Short abstract
The high-dose hook effect, or prozone effect, can lead to negative or falsely lowered plasma ferritin results. Here, cases of a 16-year-old boy and a 70-year-old woman with haemophagocytic lymphohystiocytosis with extremely high concentrations of plasma ferritin (387,000 μg/L and 138,000 μg/L, respectively) are presented. In both cases, falsely lowered ferritin results were reported without any analyser flag. This article emphasizes the importance of recognition of the high-dose hook effect, since a watertight solution is lacking.
Keywords: High-dose hook, prozone, ferritin, haemophagocytic lymphohistiocytosis
Case presentation
A 16-year-old boy was admitted to our hospital to receive an allogeneic stem cell transplant (SCT) for a systemic T-cell lymphoproliferative disease of childhood. Myeloablative conditioning with multiple cytostatics was initiated in preparation of the transplant.
Within a few days after admission, he developed fever which did not react to treatment with broad-spectrum antibiotics and antifungals. An extensive diagnostic work-up revealed no evidence of an infection, but an ultrasound of the abdomen showed hepatosplenomegaly. During this period, ferritin concentrations had risen from 17,400 μg/L (25–250 μg/L) at the moment of admission to 105,000 μg/L. Under the suspicion of haemophagocytic lymphohistiocytosis (HLH), soluble IL-2 receptor alpha (sIL-2) was measured and found to be 37,000 pg/mL (0–3000 pg/mL). A bone marrow biopsy was performed showing active haemophagocytosis.

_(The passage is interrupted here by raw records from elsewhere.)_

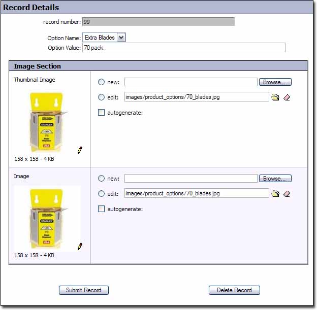 Product options actually have 2 types of records that control them. Both are discussed below.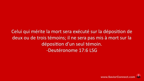 Celui qui mérite la mort sera exécuté sur la déposition de deux ou de trois témoins; il ne sera pas mis à mort sur la déposition d'un seul témoin. -Deutéronome 17:6 LSG
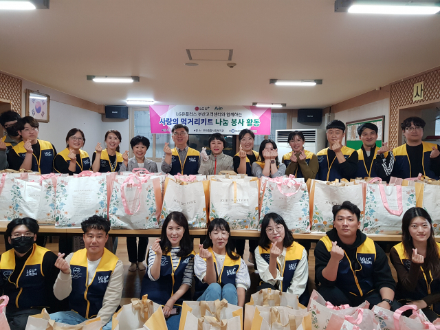 이날 LG유플러스 부산고객센터 직원 20여 명과 봉사자들은 직접 장 본 배추로 겉절이를 만들고, 불고기, 과일 등을 담아 위기가정 40세대에 배달했다.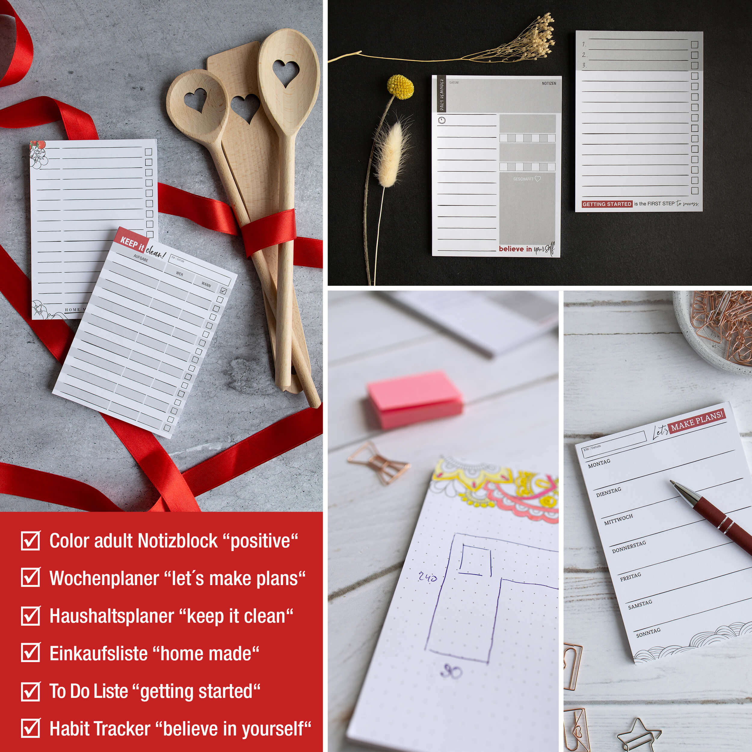 Unsere Notizblöcke im kompakten A6 Format helfen dir dabei Deinen Alltag zu strukturieren und unterstützen Dich dabei eine solche Struktur beizubehalten.

Despite T-cell depletive therapy, there were still T-cells detected in the peripheral blood. Hence, high doses of dexamethasone, antithymocyte globulin and etoposide were given in the days prior to the allogeneic SCT targeting both the lymphoproliferative disease and HLH.
The day after receiving the SCT, ferritin concentrations dropped dramatically to 1310 μg/L.
Shortly thereafter, an unexpected rapid decrease of ferritin concentrations was seen in a 70-year-old woman with HLH. Because of her limited cutaneous systemic sclerosis and non-specific interstitial pneumonia, she used immune suppressants (prednisone and mycofenolatemofetil). She was admitted to the hospital with fever, dyspnoea and disorientation. She was found to have a progressive pancytopenia and a high viral load for the herpes simplex virus, which was thought to be the trigger for HLH. A bone marrow biopsy showed active haemophagocytosis and sIL-2 was 7470 pg/mL. Ferritin on the day of admission was 12,800 μg/L.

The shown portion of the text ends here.